Horner-form emission

horner rewrites a polynomial expression into Horner’s form, which is numerically better conditioned and faster to evaluate:

from alkahest import horner

# x^3 + 2x^2 + 3x + 4 → x*(x*(x + 2) + 3) + 4
h = horner(x**3 + pool.integer(2)*x**2 + pool.integer(3)*x + pool.integer(4), x)

emit_c emits a C function string for embedding in other projects:

from alkahest import emit_c

c_code = emit_c(expr, [x, y], fn_name="f")
# → "double f(double x, double y) { return ...; }"

MLIR dialect

The alkahest-mlir crate exposes the custom MLIR dialect.

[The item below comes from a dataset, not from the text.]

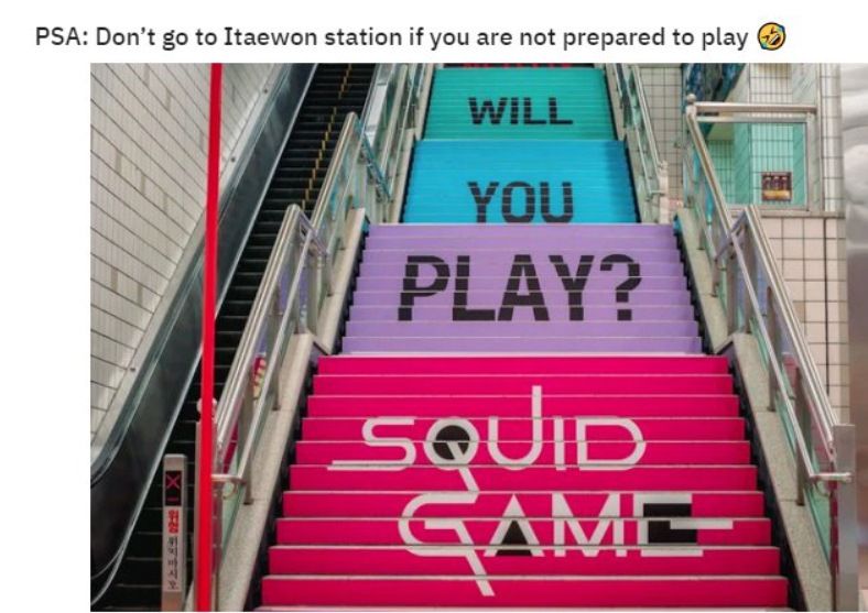 참으로 오징어게임의 밈(Meme)현상이 국내를 넘어 국가와 민족을 초월해서 유행하고 있다는것이 실감됩니다.

The dialect ops are:

OpDescription
alkahest.symSymbolic variable reference
alkahest.constConstant value
alkahest.add, alkahest.mulArithmetic
alkahest.powExponentiation
alkahest.hornerHorner polynomial evaluation
alkahest.poly_evalGeneric polynomial evaluation
alkahest.series_taylorTaylor series evaluation
alkahest.interval_evalBall arithmetic evaluation
alkahest.rational_fnRational function evaluation

Three lowering targets are available:

  • ArithMath — lowers to arith + math MLIR dialects; uses math.fma for Horner chains
  • StableHlo — lowers to StableHLO ops for XLA/JAX integration
  • Llvm — lowers to llvm dialect for LLVM IR / PTX emission
from alkahest import to_stablehlo

# Emit textual MLIR in the StableHLO dialect
mlir_text = to_stablehlo(expr, [x, y], fn_name="my_fn")
print(mlir_text)  # valid input to mlir-opt / XLA

GPU codegen (NVPTX)

With --features cuda and an LLVM installation with NVPTX support:

from alkahest import compile_cuda

f_gpu = compile_cuda(expr, [x, y])
result = f_gpu.call_batch(inputs)   # runs on the first CUDA device

The GPU compiler:

  1. Lowers the expression through inkwell to NVPTX LLVM IR for sm_86 (Ampere)
  2. Links libdevice.10.bc for transcendental functions (__nv_sin, etc.)
  3. Emits PTX via LLVM’s target machine
  4. Loads the PTX via the CUDA driver (cudarc)

The benchmark nvptx/nvptx_polynomial_1M shows 16.2× speedup over the CPU JIT on a 1M-point polynomial evaluation on an RTX 3090.

Upcoming (v1.1): AMD ROCm / amdgcn target (hardware-blocked pending RDNA3 availability).

Caching

Compilation results are cached keyed by the canonical hash of the expression DAG. Compiling the same expression twice returns the cached result. The persistent ExprPool (V1-14) extends this cache across sessions.

Small expressions below a complexity threshold skip LLVM entirely and run through the Rust interpreter, which has lower overhead for trivial expressions.